To figure out how well the companies were doing, Henson and Green analyzed three key areas:

• Policies (formal commitments from the management team to explicit goals).

• Programs (integrated methods for implementing policy commitments).

• Performance (reported data on the companies’ progress toward stated goals).

By the standards of the homebuilding industry, the KB Home website is extraordinarily comprehensive. Posted on it is an annual KB Home Sustainability Report (available here), which shows what is being done to carry out the company’s “My Home. My Earth” environmental initiative. The latest report, covering 2009, runs 38 pages, packed with data on KB Home’s policies and programs and their progress year by year. If the rest of the industry followed in KB Home’s footsteps, the public would be far better informed about how homebuilding relates to caring for the environment.
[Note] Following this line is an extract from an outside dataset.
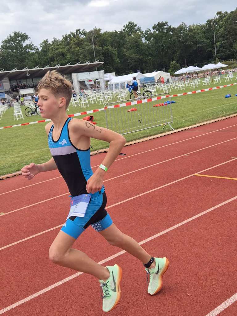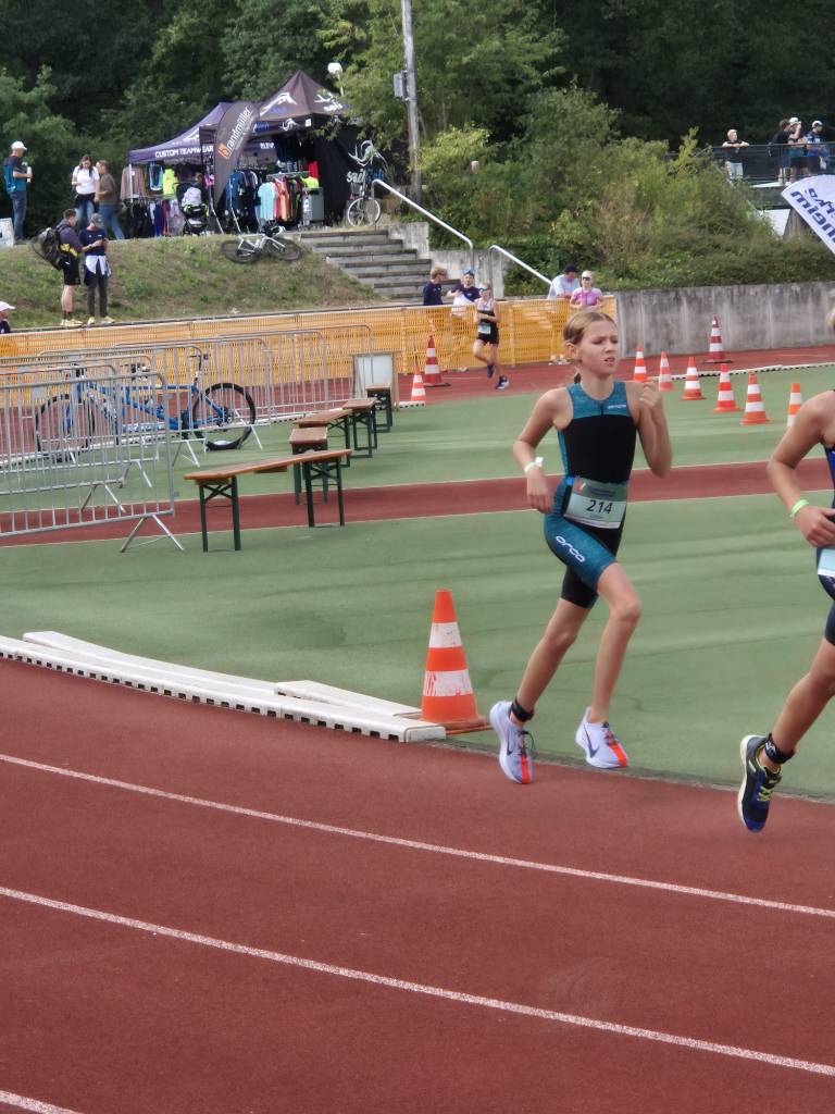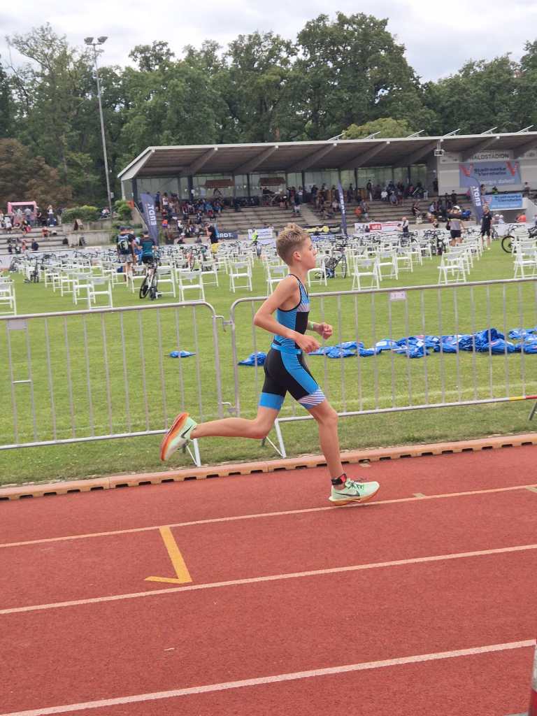 Geschwommen wurde im 50m-Waldschwimmbad auf 7 Bahnen zu jeweils 8-9 Starterinnen und Startern. Nichts für unsere Kinder die diese „Prügelei“ auf den ersten 25m noch nicht gewohnt sind und erst nach der ersten Wende so richtig ins schwimmen kommen. Dann aber läuft es, allerdings mit bereits Rückstand auf die Führenden. Denn schwimmen können die Kinder auf diesem Niveau alle, bereits schneller als viele der erwachsenen Starter. Die größten Zeitunterschiede entstehen, sowohl bei den Schülern als auch bei den Jugendlichen, auf dem Rad, der Disziplin in der das Wachstum den stärksten Einfluss auf die Leistung hat. Liam wurde unter 30 Startern 6. und Lenia belegte den 7. Platz (26 Starterinnen). Wie immer das Wichtigste im Ziel war die Antwort auf die Frage „Hat es Spaß gemacht?“

Greater disclosure is needed

One of the problems that Henson and Green identify is this:

The homebuilding industry has been slow to join the growing trend of corporate America that discloses environmental, social, and governance (ESG) data through comprehensive sustainability reporting. Recent studies indicate that about four-fifths of the largest companies disclose important ESG information through sustainability reports. … At this point, KB Home is the only large U.S. homebuilder to produce a comprehensive sustainability report.

Discussing the issue with New Urban Network, Henson pointed out that “auto makers will talk about the emissions associated with the vehicles they’re producing.” This move toward candor is present “in almost every industry,” she said. “Homebuilders are sort of slow to talk about environmental or social issues.”
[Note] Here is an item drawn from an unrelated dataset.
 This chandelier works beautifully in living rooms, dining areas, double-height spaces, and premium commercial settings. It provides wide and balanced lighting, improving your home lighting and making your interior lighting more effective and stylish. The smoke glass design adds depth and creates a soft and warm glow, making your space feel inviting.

In some industries, the candor emerges because of a public outcry. Nike has had to report on its supply chain and human rights because of concern about workers being exploited overseas. Certainly community concerns about homebuilding and its impact have been  expressed in many sections of the US, but they have not yet brought a full and effective response.

One goad to action is the Investor Network on Climate Risk (INCR), which supports more than 90 institutional investors (whose assets total more than $9 trillion) by identifying the financial opportunities and risks in climate change and, INCR says, “by tackling the policy and governance issues that impede investor progress toward more sustainable capital markets.”

INCR (link is here) is coordinated by Ceres, which is described as “a coalition of investors and environmental groups working to advance sustainable prosperity.”

Green says that in the United Kingdom, “homebuilding companies appear to be disclosing more about these issues” than is the case with American companies. “Some of their best practices should be brought over here,” she says.

Without a doubt, the report from Calvert, a company with about $14.7 billion in assets under management, will be a help. Our national homebuilders need to do a better job, for the well-being not only of investors but also of the public and of the environment on which we all depend.